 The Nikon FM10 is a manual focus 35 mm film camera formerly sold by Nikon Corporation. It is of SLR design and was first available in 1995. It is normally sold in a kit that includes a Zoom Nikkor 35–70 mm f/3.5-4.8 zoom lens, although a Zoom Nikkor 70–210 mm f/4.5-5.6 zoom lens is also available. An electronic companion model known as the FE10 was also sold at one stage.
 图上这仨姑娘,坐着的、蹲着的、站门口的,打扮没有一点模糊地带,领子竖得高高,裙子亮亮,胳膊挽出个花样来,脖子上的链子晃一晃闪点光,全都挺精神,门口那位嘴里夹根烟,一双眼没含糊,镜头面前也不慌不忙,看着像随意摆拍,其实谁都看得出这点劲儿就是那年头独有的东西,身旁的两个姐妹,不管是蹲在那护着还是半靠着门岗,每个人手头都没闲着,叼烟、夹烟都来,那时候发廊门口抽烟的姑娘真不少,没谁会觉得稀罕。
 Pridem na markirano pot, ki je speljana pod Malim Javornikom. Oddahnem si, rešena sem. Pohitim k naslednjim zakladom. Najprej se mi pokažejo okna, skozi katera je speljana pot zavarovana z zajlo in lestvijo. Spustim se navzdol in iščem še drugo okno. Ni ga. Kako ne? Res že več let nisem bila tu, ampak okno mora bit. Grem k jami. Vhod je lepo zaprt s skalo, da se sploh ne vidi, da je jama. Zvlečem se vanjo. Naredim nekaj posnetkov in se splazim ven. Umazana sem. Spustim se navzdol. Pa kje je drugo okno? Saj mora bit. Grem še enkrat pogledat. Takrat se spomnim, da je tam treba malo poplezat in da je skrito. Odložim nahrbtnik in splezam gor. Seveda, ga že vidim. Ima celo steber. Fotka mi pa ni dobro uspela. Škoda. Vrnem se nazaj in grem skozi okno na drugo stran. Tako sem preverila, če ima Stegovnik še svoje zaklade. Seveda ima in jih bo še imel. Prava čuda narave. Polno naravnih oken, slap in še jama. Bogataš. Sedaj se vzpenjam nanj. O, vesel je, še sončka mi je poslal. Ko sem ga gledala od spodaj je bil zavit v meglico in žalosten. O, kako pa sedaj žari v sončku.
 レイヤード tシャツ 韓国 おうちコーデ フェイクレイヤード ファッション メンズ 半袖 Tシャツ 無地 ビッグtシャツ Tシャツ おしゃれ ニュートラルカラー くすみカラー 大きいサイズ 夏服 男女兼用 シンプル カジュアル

-------------------------

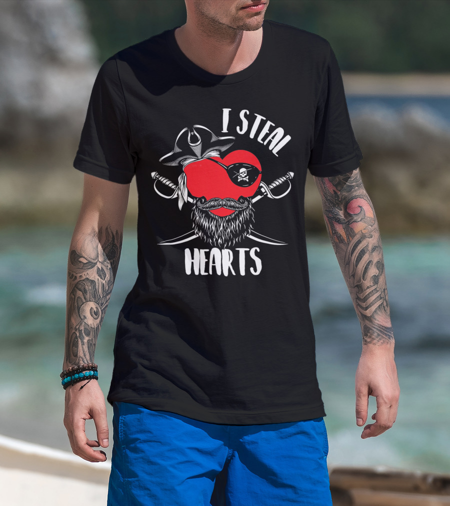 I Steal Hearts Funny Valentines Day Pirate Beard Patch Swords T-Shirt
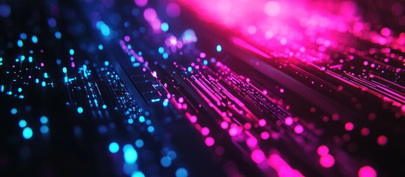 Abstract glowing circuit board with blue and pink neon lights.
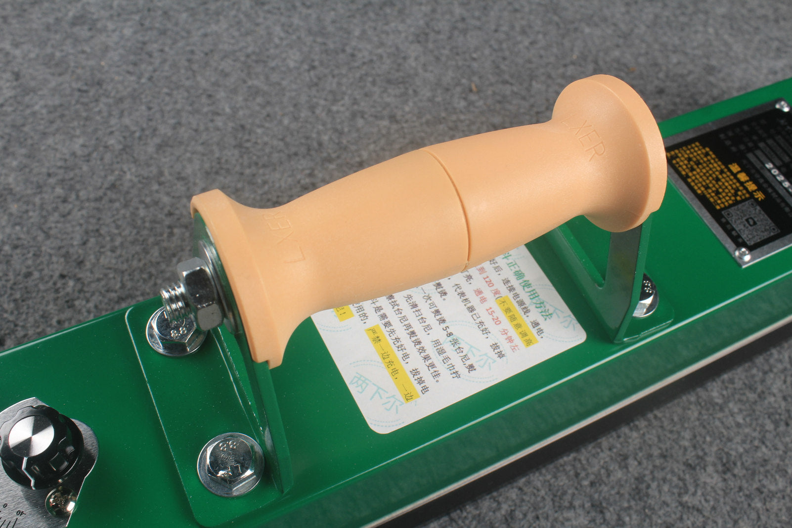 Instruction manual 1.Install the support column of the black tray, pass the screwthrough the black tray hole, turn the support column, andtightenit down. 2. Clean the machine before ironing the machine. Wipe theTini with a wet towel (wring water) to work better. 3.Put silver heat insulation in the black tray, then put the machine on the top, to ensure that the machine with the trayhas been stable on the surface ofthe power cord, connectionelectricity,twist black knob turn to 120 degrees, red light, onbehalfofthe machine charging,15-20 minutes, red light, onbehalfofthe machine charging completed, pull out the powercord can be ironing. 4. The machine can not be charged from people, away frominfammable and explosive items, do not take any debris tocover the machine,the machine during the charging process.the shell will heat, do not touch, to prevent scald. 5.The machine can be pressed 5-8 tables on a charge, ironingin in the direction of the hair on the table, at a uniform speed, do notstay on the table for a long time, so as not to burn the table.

-------------------------

What to work on:
When you reach the line in the material above that holds "图上这仨姑娘,坐着的、蹲着的", begin reproducing lines exactly, and stop after the line that holds "レイヤード tシャツ 韓国".

Written answer:
 图上这仨姑娘,坐着的、蹲着的、站门口的,打扮没有一点模糊地带,领子竖得高高,裙子亮亮,胳膊挽出个花样来,脖子上的链子晃一晃闪点光,全都挺精神,门口那位嘴里夹根烟,一双眼没含糊,镜头面前也不慌不忙,看着像随意摆拍,其实谁都看得出这点劲儿就是那年头独有的东西,身旁的两个姐妹,不管是蹲在那护着还是半靠着门岗,每个人手头都没闲着,叼烟、夹烟都来,那时候发廊门口抽烟的姑娘真不少,没谁会觉得稀罕。
 Pridem na markirano pot, ki je speljana pod Malim Javornikom. Oddahnem si, rešena sem. Pohitim k naslednjim zakladom. Najprej se mi pokažejo okna, skozi katera je speljana pot zavarovana z zajlo in lestvijo. Spustim se navzdol in iščem še drugo okno. Ni ga. Kako ne? Res že več let nisem bila tu, ampak okno mora bit. Grem k jami. Vhod je lepo zaprt s skalo, da se sploh ne vidi, da je jama. Zvlečem se vanjo. Naredim nekaj posnetkov in se splazim ven. Umazana sem. Spustim se navzdol. Pa kje je drugo okno? Saj mora bit. Grem še enkrat pogledat. Takrat se spomnim, da je tam treba malo poplezat in da je skrito. Odložim nahrbtnik in splezam gor. Seveda, ga že vidim. Ima celo steber. Fotka mi pa ni dobro uspela. Škoda. Vrnem se nazaj in grem skozi okno na drugo stran. Tako sem preverila, če ima Stegovnik še svoje zaklade. Seveda ima in jih bo še imel. Prava čuda narave. Polno naravnih oken, slap in še jama. Bogataš. Sedaj se vzpenjam nanj. O, vesel je, še sončka mi je poslal. Ko sem ga gledala od spodaj je bil zavit v meglico in žalosten. O, kako pa sedaj žari v sončku.
 レイヤード tシャツ 韓国 おうちコーデ フェイクレイヤード ファッション メンズ 半袖 Tシャツ 無地 ビッグtシャツ Tシャツ おしゃれ ニュートラルカラー くすみカラー 大きいサイズ 夏服 男女兼用 シンプル カジュアル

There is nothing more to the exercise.